OIC Broadcasting Regulatory Authorities Forum
- Abbreviation: IBRAF
- Formation: 20 April 2012; 14 years ago
- Founder: Organisation of Islamic Cooperation
- Founded at: Istanbul, Turkey
- Type: Broadcasting forum
- Legal status: Foundation
- Purpose: Building cooperation among broadcasting regulatory authorities
- Location: Istanbul, Turkey;
- Fields: Broadcasting
- Membership: 36 member states
- Official language: Arabic, English, French, Turkish
- Main organ: Organisation of Islamic Cooperation
- Website: www.oic-ibraf.org

= OIC Broadcasting Regulatory Authorities Forum =

Affiliated organ of the Organisation of Islamic Cooperation

The OIC Broadcasting Regulatory Authorities Forum (IBRAF; منتدى هيئات تنظيم البث في منظمة التعاون الإسلامي; Forum des autorités de régulation de la radiodiffusion de l'OCI; İİT Yayın Düzenleyici Otoriteler Forumu), also referred to as Organisation of Islamic Cooperation Broadcasting Regulatory Authorities Forum or the International Broadcasting Regulatory Authorities Forum, is an intergovernmental and one of the 17 affiliated institutions of the Organisation of Islamic Cooperation focused on establishment of cooperation between the OIC and broadcasting regulatory authorities of the 36 member states out of 57. It is principally focused on conducting measures against the backdrop of digitalization and convergence.

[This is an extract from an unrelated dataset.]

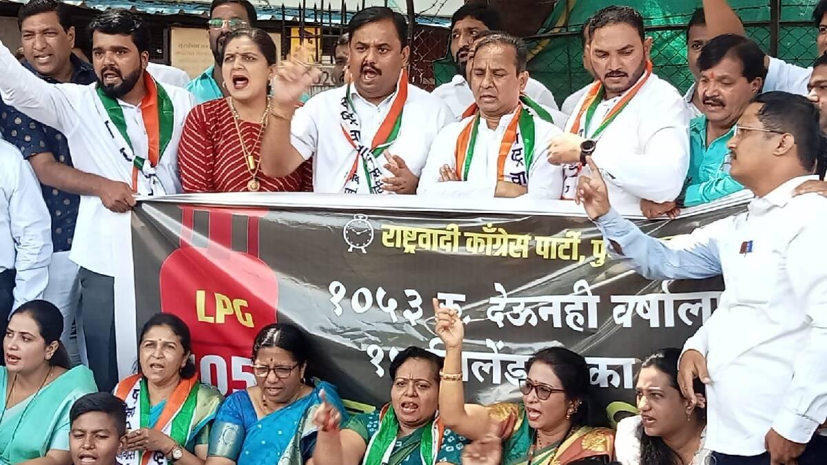 राष्ट्रवादी काँग्रेसचे शहराध्यक्ष प्रशांत जगताप यांच्या नेतृत्वाखाली आंदोलन करण्यात आले. प्रवक्ता प्रदीप देशमुख, महिला शहराध्यक्षा मृणालिनी वाणी, मनीषा होले, किशोर कांबळे, मनोज पाचपुते, अजिंक्य पालकर, उदय महाले, रोहन पायगुडे, संतोष हत्ते, गोरक्षनाथ भिकुले यांच्यासह अन्य कार्यकर्ते, पदाधिकारी या वेळी उपस्थित होते.सर्वसामान्य नागरिकांच्या दररोजच्या स्वयंपाक घरातील अत्यावश्यक वस्तूंवरही वस्तू आणि सेवा कर केंद्र सरकराने लावला. सिलिंडरच्या किमतही केंद्र सरकारकडून वाढविण्यात आल्या. गॅस सबसिडी बंद करण्यात आली. आता एका कुटुंबाला वर्षात केवळ पंधरा सिलिंडर देण्याचा निर्णय घेण्यात आला आहे. त्यामुळे काळाबाजार होण्याची शक्यता वाढली आहे.

It has maintained a platform for sharing information, ideas, views, opinions, and experience concerning common interest within the field of broadcasting. It has also been conducting discussions con audiovisual, concerning cultural relations, child protection and Islamophobia among others.

== History ==
Broadcasting Regulatory Authorities Forum was established after a session was held by the OIC Council of Foreign Ministers in Istanbul, Turkey between 17 and 18 November 2011. It was formally established in the 9th session held by Islamic Conference of Information Ministers (ICI) by adopting a resolution 11/9-INF between 17 and 20 April 2012 in Libreville, Gabon. The second resolution was adopted between 2 and 3 October 2012 in Jeddah, Saudi Arabia under the OIC Charter.

The first IBRAF executive secretary was appointed Prof. Hamit Ersoy who assumed the office on 06 February 2013. The appointment decision was made by Radio and Television Supreme Council.